Таиться я перестал. Вышел в сени, покряхтел нечленораздельно, покашлял, закурил самокрутку из дедова табачка, чтобы на улице дух слышен был, погремел ведрами. Если на меня охотка, то эти ухищрения – как кольчужка против сорокапятой пушечки, а если это местные пришли баланс на счета наводить, то еще пободаемся.
Ружьишко я примостил в уголке, готовый при случае быстро ретироваться в сени, если уж фортуна окажется девушкой особо переменчивой. Запахнул камуфляжную телогреечку, в руку взял короткий черенок лопаты: в ближнем скоротечном бою оружие куда более ломовое, чем нож. Да и… Если все ж местные, то не готов я бить их смертно за дедовы грехи!
Снова погремел ведрами, дескать, собрался, замер. Едва слышный скрип: кто-то затаился на крыльце, как дверь распахнется, он в аккурат окажется за ней. Отодвинул засов, толканул дверь и ступил на крыльцо. Даже не услышал, почувствовал, как та дверь тихонько почала притворяться и резко свистнуло в воздухе. Быстро шагнул вниз по крыльцу, накидываемая струнная удавка скользнула по темечку и за спину, а я двинул рукой с зажатым черенком назад, торцом угодив нападавшему в причинное место. Крутнулся на месте и врезал уже с маху другим концом черенка по перекошенной болью физиономии, целя в подбородок. По-пал. Звук получился звонким, как дерево о дерево, и мужик кулем свалился с крыльца. А на меня уже набегал другой с занесенным железным прутом: перехватив черенок двумя руками, подставил под удар. Замах был велик, сопротивление – неожиданным; железный прут вырвался из руки нападавшего и с визгом унесся в пространство. И еще – я увидел в глазах мужика искреннее недоумение, переходящее в потустороннее похмельное изумление… Еще бы, изумишься тут, увидев вместо желаемой стариковской хари – побитую варнакскую рожу!
Но указывать ему на ошибки мне было недосуг. Как и вести душеспасительные беседы. Черенок со свистом рассек воздух и угвоздил мужика в висок. Тот пошатнулся и рухнул.

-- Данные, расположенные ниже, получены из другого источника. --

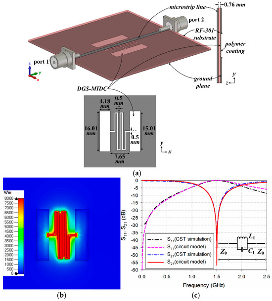 DGS-MIDC-based microwave sensor: (a) geometry, (b) electric-field distribution at 1.5 GHz, and (c) S-parameter characteristics and simplified equivalent circuit model.

Я отступил на крыльцо, скрылся в сенях, вышел уже с двустволкой наготове: кто знает, как местные индейцы планируют облавные захваты и прочие провинциальные развлечения? Это как водится, в каждом глухарином уезде – свои традиции проводить свободное от жизни время: одни любят с удочкой посидеть, другие – с ружьишком побродить…
Домик обошел по периметру скоро, но тщательно: никого. Сарай, как закрыл я его вчера на висячий замок да бревнышком припер для верности, так и стоит недотрогой. Выходит, нападавших всего двое, и оба горе-налетчика приперлись сюда пешочком с раннего утречка: променад у них такой.
Мужички признаки жизни уже подавали, но для полного оклема время еще не пришло. Связав каждого веревочкой и взвалив на хрупкие свои плечи, перенес их по одному в дом и расположил, как и положено гостеприимцу, в креслах, прихватив для верности ноги тем самым капроновым шпагатом, чтобы до окончания собеседования у незадачливых, но, возможно, амбициозных разборщиков мысли плохие не возникали. А побеседовать очень хотелось: тянуть за собой еще одну непонятку – просто никаких сил.
Хлебнул сам коньячку, сел на диванчик и замер в ожидании. Искать нашатырь и суетиться – дело хлипкое: от ударов по бестолковке люди отходят, когда пора пришла, и не раньше. Наконец тот, что получил сначала по мужескому достоинству, а потом по «бороде», вскинул голову, уставился на меня налитыми бычьими глазами. Лицо его было в мелких красных жилках – верный признак того, что потреблять горячительное он взялся с самого малолетства и пагубного того занятия не оставлял ни в годы перестройки, ни в прочие судьбоносные. На вид ему было лет сорок.
– Ты кто? – скорее не спросил, а выдохнул он.